Closing In on the Cellular Culprits of Schizophrenia


(Philadelphia, PA) – The cause of schizophrenia remains a mystery, despite the millions of dollars spent trying to discover which genes play a role in its etiology. In at least 10 populations around the world, a significant association between schizophrenia and the gene for dysbindin has been noted – making dysbindin the most highly replicated schizophrenia-associated gene described to date. Now, researchers at the University of Pennsylvania School of Medicine are starting to place where dysbindin fits in the pathway that leads from a gene to a psychiatric disorder. Schizophrenia affects between 1 to 2 percent of people worldwide during their lifetime and about 2.2 million American adults have schizophrenia in a given year.

Using quantitative immunohistochemistry in postmortem brain tissue, the Penn investigators found that the expression of dysbindin protein was reduced in more than 80 percent of the patients with schizophrenia by an average of 40 percent relative to matched healthy controls.(Click on the thumbnail image above to view the full-size photo). “This is among the most significant findings I’ve seen yet in schizophrenia postmortem research, and it represents a critical lead for understanding schizophrenia,” says senior author Steven Arnold, MD, Associate Professor of Psychiatry and Neurology. The research appears in the May issue of the Journal of Clinical Investigation.

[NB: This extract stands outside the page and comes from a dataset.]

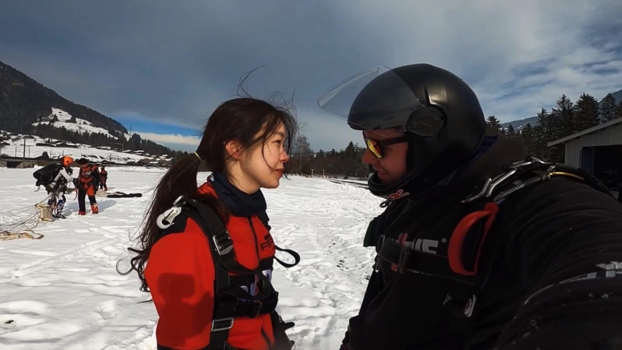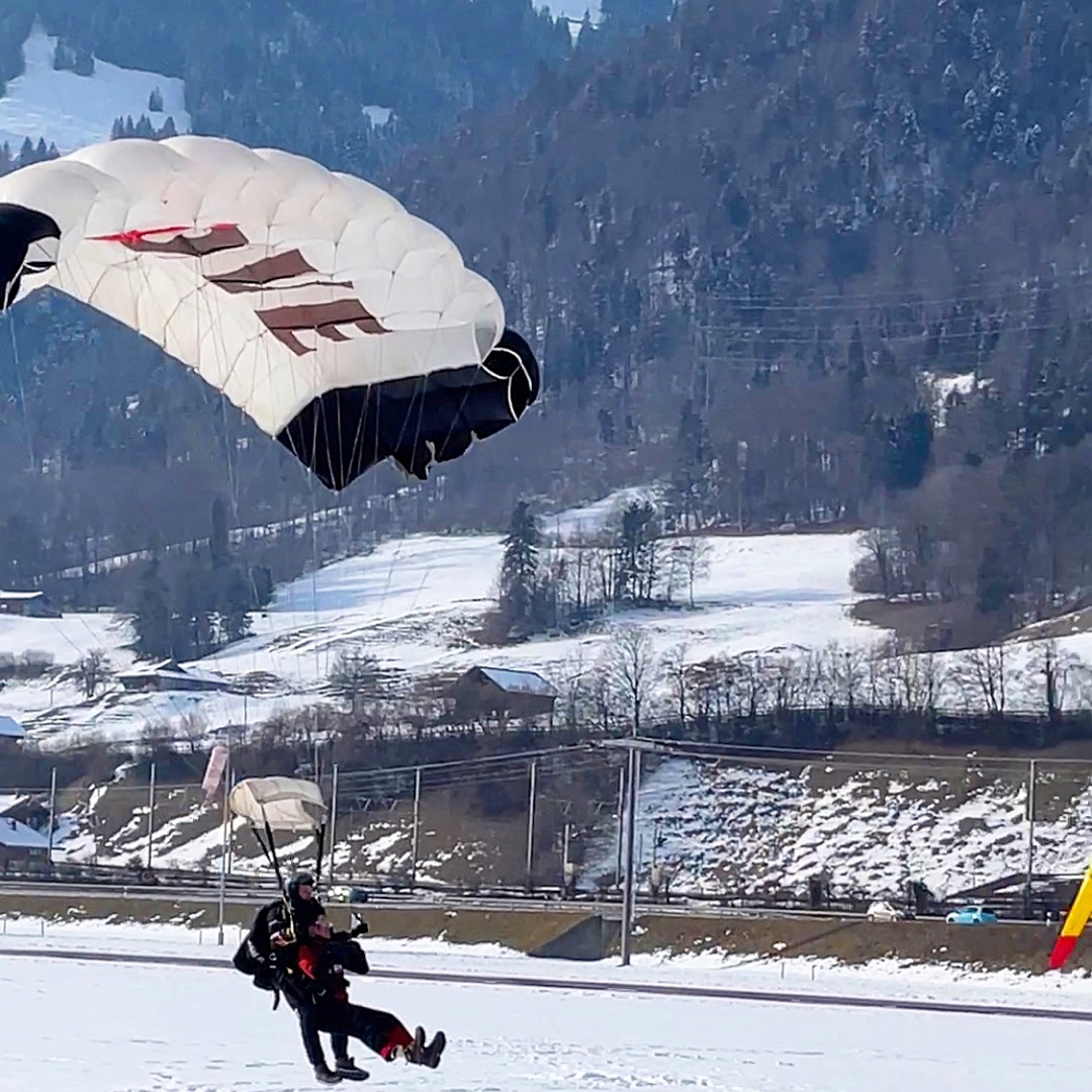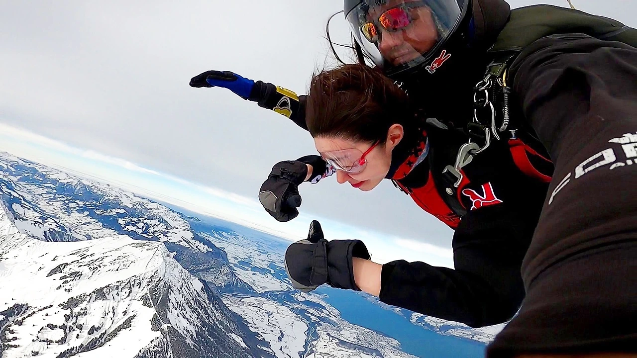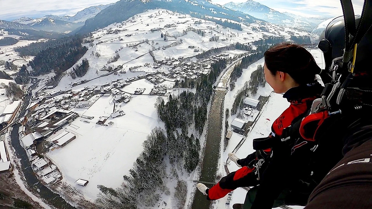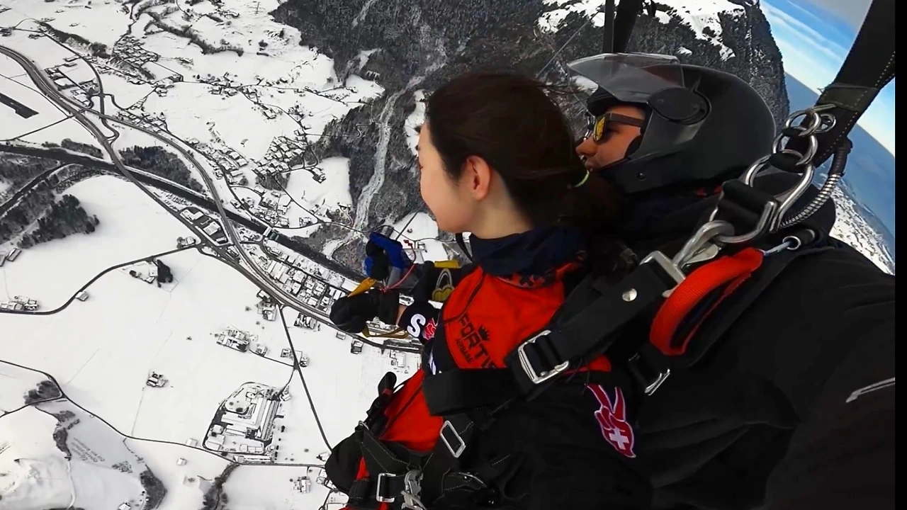 앞에 서 있는 것만으로 압도당할 정도로 거대해 보이던 산이 미니어처처럼 보일 정도로 끝없이 올라갔다. 눈 덮인 알프스가 아득해 보이던 어느 지점에서 마침내 비행기 문이 열렸다. 우리에게는 준비할 시간이라는 개념이 없었다. 앞의 너 다섯 명이 마치 ’비자발적 자살특공대‘처럼 거의 2초 연속으로 떨어지기 시작했다. 두려움을 느낄 새도 없이 순식간에 내 차례가 됐다. 다리를 비행기 밖으로 꺼내두고 아래를 내려다보니 눈이 가득 뒤덮인 스위스의 겨울이 발아래 가득했다. ’하나 둘 셋‘같은 카운트다운도 없이 그대로 추락. 하늘에서 지상으로 수직 낙하가 시작됐다.
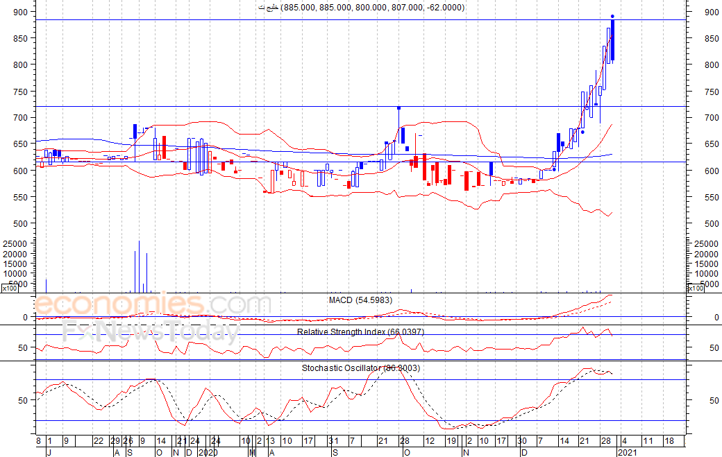 متوقع ان يكون النطاق السعري خلال اليوم الحالي بين مستوى الدعم هو 770 بينما مستوى المقاومة هو 840 فلس

The scientists also found that, in the same brain regions in which there was a decrease in dysbindin, there was also an increase in the amounts of presynaptic glutamate packets, or vesicles, and that these findings were highly correlated. Synaptic vesicles form at the ends of nerve cells and contain chemical neurotransmitters such as glutamate. Neurons communicate with each other by releasing neurotransmitters from these vesicles. The researchers surmise that dysbindin affects the manufacture or breakdown of these vesicles and, consequently, glutamate may not be released properly – thus impairing communication between neurons.

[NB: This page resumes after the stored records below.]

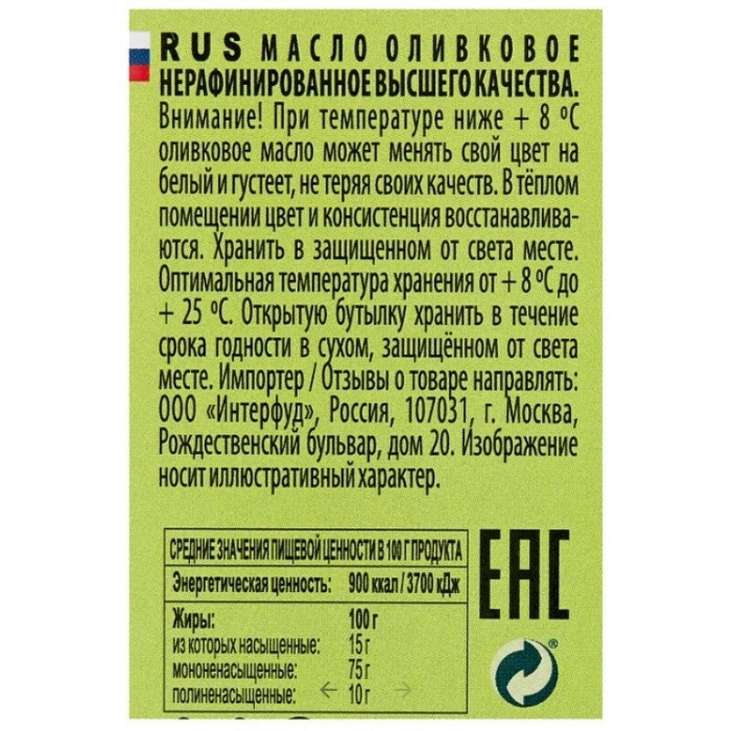 | Вид масла | оливковое |
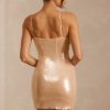 Unforgettable evenings in Orion. A captivating mini dress made from our dual lined power mesh fabric with sequin overlay, the Orion mini dress is ready to weave into your summer stories. Cut to a mini length with an asymmetric halter neckline, raw edge hem and keyhole cut-out at the bust.
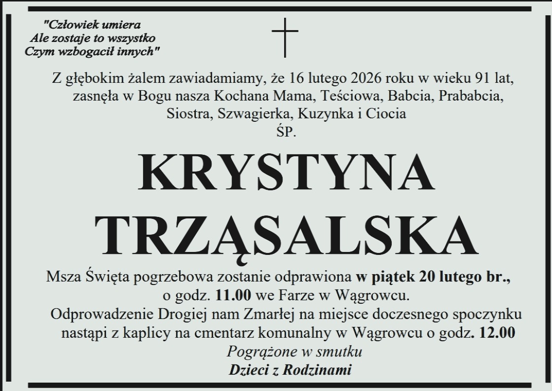 Pogrzeb pani Krystyny odbędzie się w środę 1 marca na cmentarzu komunalnym Wągrowcu.
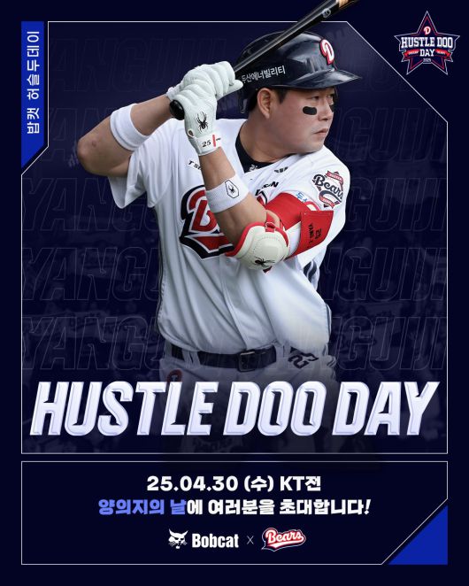 두산 베어스는 오는 30일 서울 잠실구장에서 열리는 KT 위즈와 정규시즌 홈 경기에서 '양의지 밥캣허슬두데이' 행사를 진행한다고 22일 밝혔다.(두산 베어스 제공) |
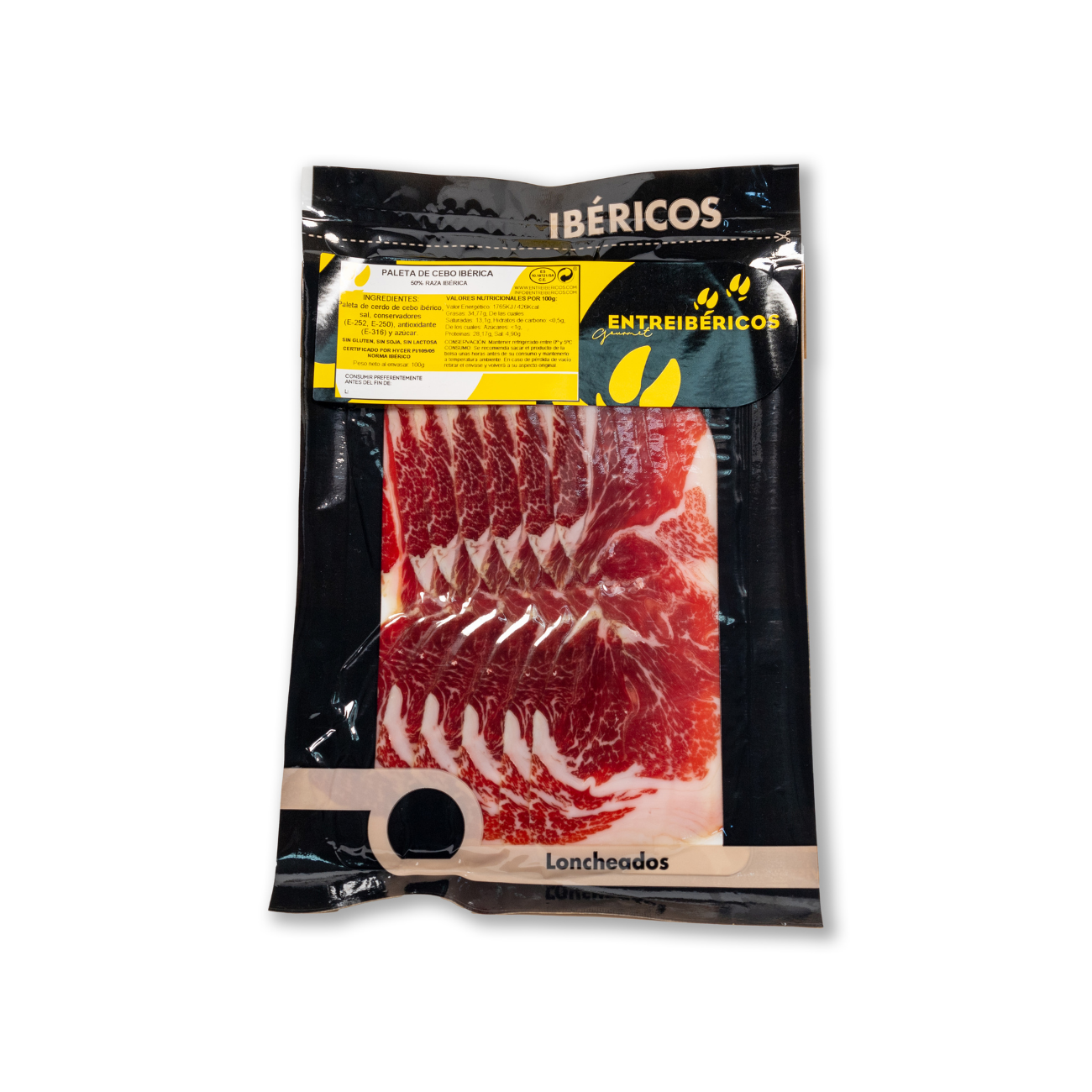 100 g packet of Cebo Iberico shoulder ham 50% Black Iberian, sliced and vacuum packed.
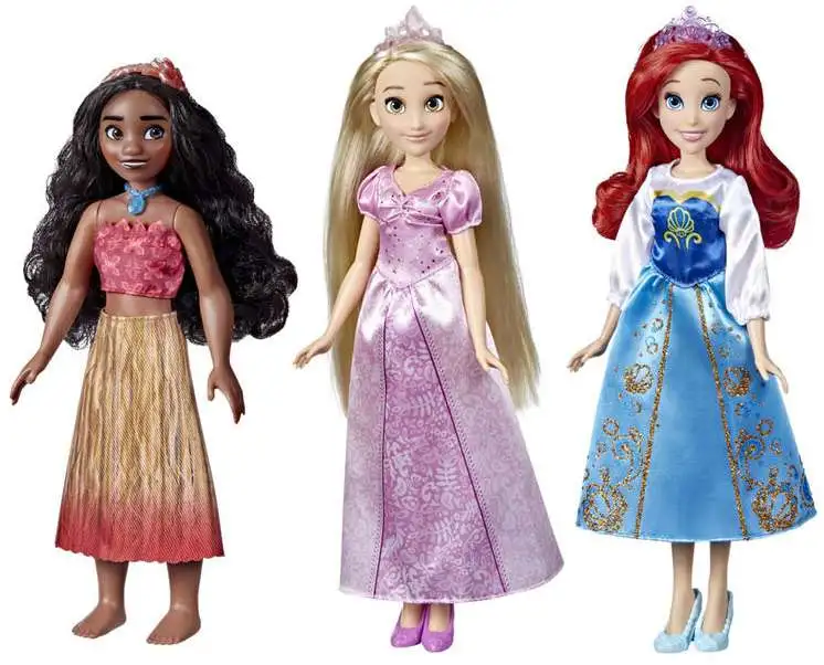 - DISCOVER FASHION FUN WITH THE DISNEY PRINCESS CHARACTERS: Set includes dolls of Ariel from Disney's The Little Mermaid, Moana, and Rapunzel from Disney's Tangled

The abnormality was most prominent in the dentate gyrus portion of the hippocampus. This area of the brain is especially important for memory, which is known to be impaired in schizophrenia. The study’s findings were independently replicated, using two collections of postmortem brain tissue, one maintained by Penn and another by the Stanley Medical Research Institute.

“The next step is to understand what dysbindin does in the brain,” explains Arnold. “We’ve found that dysbindin abnormalities are part of schizophrenia, but we need to know much more to translate this information into practical knowledge to help patients. In other words, we need to know what other proteins dysbindin interacts with and whether it involves just glutamate or other neurotransmitters like serotonin, dopamine or GABA and how dysbindin affects the electrical activity of the brain. And, are there medicines that alter dysbindin expression in the brain?” To answer these and other important questions, Arnold and colleagues are currently collaborating with other researchers at the University of Oxford in the United Kingdom.

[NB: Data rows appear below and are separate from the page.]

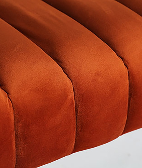 Textura catifelei adaugă un aspect luxuriant și o senzație plăcută la atingere, transformând banca într-o piesă centrală atunci când este amplasată la capătul patului sau într-un hol spațios. Forma sa echilibrată și proporțiile compacte o fac ușor de integrat în multiple tipuri de decor.
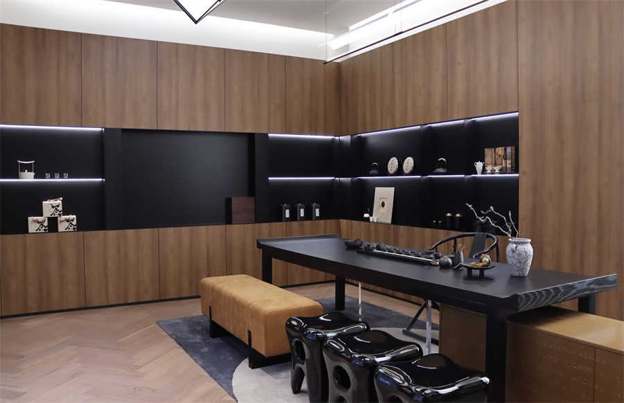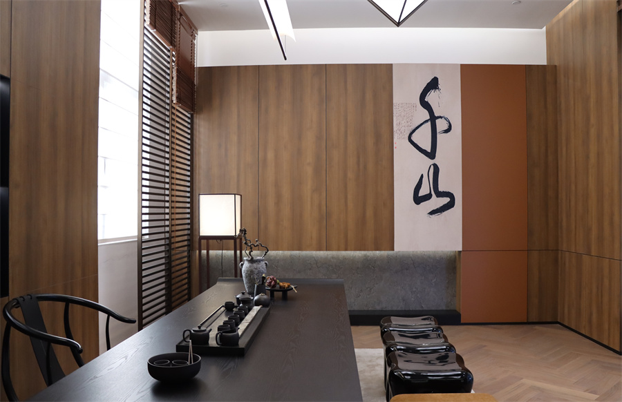 新中式風(fēng)格茶室主體配色為門墻柜一體花色金色胡桃,其獨(dú)特木質(zhì)紋理營造出自然質(zhì)樸之韻,與木質(zhì)護(hù)墻板與地板遙相呼應(yīng),兼具耐用性和溫暖質(zhì)感。
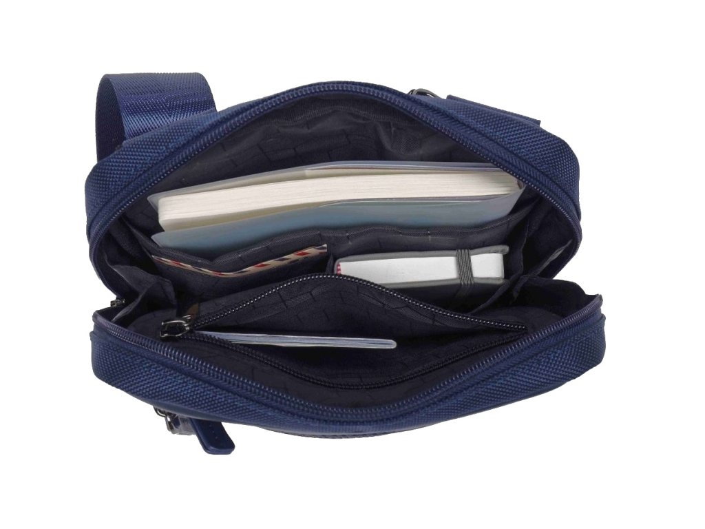 Taška přes rameno nebo cross velikosti M značky Beverly Hills Polo Club v modré barvě série Boston. Crossbody taška Beverly Hills Polo Club Boston M je ideální volba pro muže, kteří chtějí mít vše důležité po ruce, ale nechce se jim tahat batoh ani plné kapsy. Čistý černý design v kombinaci s jemným logem BHPC působí elegantně a univerzálně – hodí se do města, do práce i na cestování. Praktické členění nabízí hlavní prostor na zip a několik předních kapes pro rychlý přístup k mobilu, peněžence nebo klíčům. Přední zipová kapsa a otevřená přihrádka umožňují lepší organizaci drobností, které potřebujete mít okamžitě k dispozici. Nastavitelný ramenní popruh zajišťuje pohodlné nošení přes rameno i křížem přes tělo.
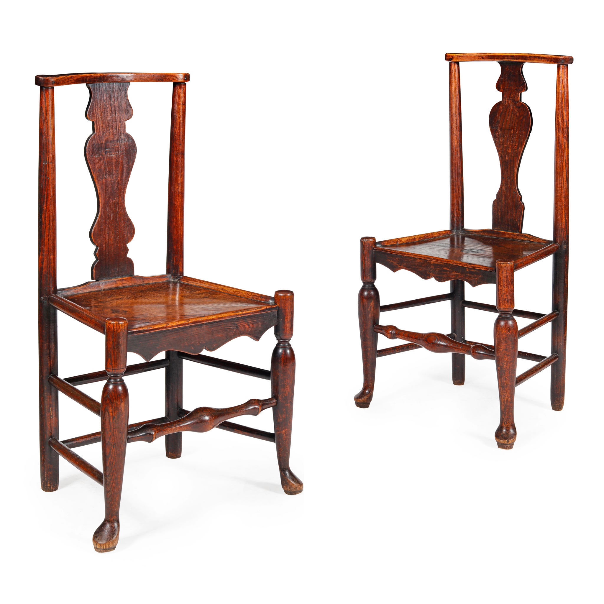 probably Staffordshire, with yoke toprails, shaped splats, framed seats, with a shaped apron on ring turned legs on pad feet feet joined by stretchers

“One of the most exciting parts of this story is that the extensive work that has gone on in the genetics of schizophrenia is finally starting to bear fruit in terms of identifying specific genes that we can then follow-up in the brain,” says Arnold. “Who would have predicted that a protein that was first discovered a few years ago by muscular dystrophy researchers could have anything to do with schizophrenia? The genetics studies pinpointed a link between dysbindin and schizophrenia. This clue prompted us to investigate dysbindin in the brain where we found that it is highly expressed and highly abnormal in schizophrenia.”

Other Penn researchers collaborating on this work are Konrad Talbot, Wess L. Eidem, Edward W. Thompson, Rachel J. Smith, Chang-Gyu Hahn, John Q. Trojanowski, and Raquel E. Gur, as well as Caroline L. Tinsley and Matthew A. Benson from Oxford University. The research was supported in part by the National Institute of Mental Health.